Engaging stories about other cultures

07 August, 2023

Australia is a vibrant melting pot of cultures from all around the world. These stories give children a taste of the rich diversity within our communities, while also standing up as well-written, entertaining and enjoyable reads worth sharing.


The Katha Chest

This is a beautifully designed book that cleverly highlights Bangladeshi history and culture by sharing memories evoked from traditional katha quilts. A young girl visits her Nanu’s house and is drawn to the chest of quilts made from old saris. As she pulls each out, she shares her memories of each of the quilts, giving readers a hint of the lives of the women who used to wear them. Then, over the page, a gallery of pictures tells more about the person’s life and their cultural traditions.

The Katha Chest is written by Radhiah Chowdhury, illustrated by Lavanya Naidu and published by Allen and Unwin.



The Great Race

This story retells the legend of how the Jade Emperor gathered animals together for a race to win a place in the Chinese zodiac calendar. The author has weaved in hints of friendship, teamwork and focus. The illustrations are glorious, full of vivid colours and the endpapers are beautifully illustrated too.

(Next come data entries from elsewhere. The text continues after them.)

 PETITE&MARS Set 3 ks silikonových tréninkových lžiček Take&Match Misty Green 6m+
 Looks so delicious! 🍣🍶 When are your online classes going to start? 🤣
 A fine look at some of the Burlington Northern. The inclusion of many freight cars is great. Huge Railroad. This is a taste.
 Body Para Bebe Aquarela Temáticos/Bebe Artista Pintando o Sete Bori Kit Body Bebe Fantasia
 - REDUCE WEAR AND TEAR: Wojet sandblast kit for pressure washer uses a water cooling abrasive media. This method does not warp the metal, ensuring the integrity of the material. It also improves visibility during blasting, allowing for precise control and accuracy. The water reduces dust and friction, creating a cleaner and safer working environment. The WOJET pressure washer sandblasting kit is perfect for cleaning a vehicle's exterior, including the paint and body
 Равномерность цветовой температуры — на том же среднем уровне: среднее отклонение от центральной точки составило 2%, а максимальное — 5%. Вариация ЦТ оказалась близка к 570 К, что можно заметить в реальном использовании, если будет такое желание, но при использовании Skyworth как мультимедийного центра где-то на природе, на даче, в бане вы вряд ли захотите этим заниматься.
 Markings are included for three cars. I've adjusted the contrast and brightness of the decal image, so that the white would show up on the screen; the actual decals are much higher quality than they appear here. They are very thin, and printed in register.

 The Great Race is written and illustrated by Christopher Corr and published by Frances Lincoln Children’s Books.



Somebody’s Land

This book introduces readers to Australia’s First Nations people and shows how they lived happily for thousands of years. Joyful illustrations show people making tools, tracking animals, enjoying bush tucker, dancing and dreaming. It’s a celebration of Aboriginal culture written specifically to help explain why we acknowledge our country’s traditional custodians and to prompt conversations with children about our nation’s past. It’s also a lovely read that’s beautifully presented with bright, engaging illustrations.

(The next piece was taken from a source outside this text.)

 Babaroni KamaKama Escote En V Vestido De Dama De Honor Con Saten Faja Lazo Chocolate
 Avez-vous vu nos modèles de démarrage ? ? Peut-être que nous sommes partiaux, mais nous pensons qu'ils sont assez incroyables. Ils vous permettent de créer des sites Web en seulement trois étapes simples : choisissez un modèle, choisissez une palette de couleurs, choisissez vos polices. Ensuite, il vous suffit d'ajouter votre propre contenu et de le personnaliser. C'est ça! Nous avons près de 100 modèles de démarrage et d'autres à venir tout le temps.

Somebody’s Land is written by Adnyamathanha and Narungga man Adam Goodes with Ellie Laing. It’s illustrated by Barkindji illustrator David Hardy and is published by Allen and Unwin.



Teatime Around the World

From pink chai to bubble tea, this gorgeous rhyming picture book is a celebration of tea and the many varied ways it is enjoyed around the world. It’s written with two sets of text – younger readers may prefer to read just the poem, while older children and tea connoisseurs may appreciate the extra detail about the tea type, how it’s prepared and where in the world is it enjoyed. The illustrations are lovely and there are fun endpapers illustrating all the little extras people like to add to their tea, such as sugar cubes and lemon slices.

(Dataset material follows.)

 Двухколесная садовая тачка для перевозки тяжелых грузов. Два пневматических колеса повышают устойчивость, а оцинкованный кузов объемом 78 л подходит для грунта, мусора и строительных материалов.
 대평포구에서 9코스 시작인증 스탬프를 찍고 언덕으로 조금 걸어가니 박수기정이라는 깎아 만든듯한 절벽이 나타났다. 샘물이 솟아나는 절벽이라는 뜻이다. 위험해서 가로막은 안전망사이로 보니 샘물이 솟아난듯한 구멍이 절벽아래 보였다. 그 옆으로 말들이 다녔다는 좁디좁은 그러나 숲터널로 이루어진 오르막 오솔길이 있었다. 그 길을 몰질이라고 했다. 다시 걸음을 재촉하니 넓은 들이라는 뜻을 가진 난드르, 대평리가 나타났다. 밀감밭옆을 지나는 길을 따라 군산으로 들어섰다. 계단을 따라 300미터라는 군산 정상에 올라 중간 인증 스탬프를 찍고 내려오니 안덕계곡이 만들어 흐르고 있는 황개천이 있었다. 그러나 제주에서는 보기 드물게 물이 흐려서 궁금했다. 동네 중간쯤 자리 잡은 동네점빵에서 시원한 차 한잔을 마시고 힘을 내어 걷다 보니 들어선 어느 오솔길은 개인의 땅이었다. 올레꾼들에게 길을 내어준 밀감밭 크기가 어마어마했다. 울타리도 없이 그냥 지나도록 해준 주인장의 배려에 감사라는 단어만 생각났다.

Teatime Around the World is written by Denyse Waissbluth, illustrated by Chelsea O’Byrne and published by Greystone Kids.



The Boy Who Tried to Shrink His Name

This is a thoughtfully written story that gently encourages readers to make the effort to learn and pronounce people’s names, no matter how long and strange they may sound at first. The boy in this book has a very long name, and he feels a bit awkward about introducing it to his new classmates. We watch him slowly stretch it out for his new friend, syllable by syllable, for her to practice as their friendship grows.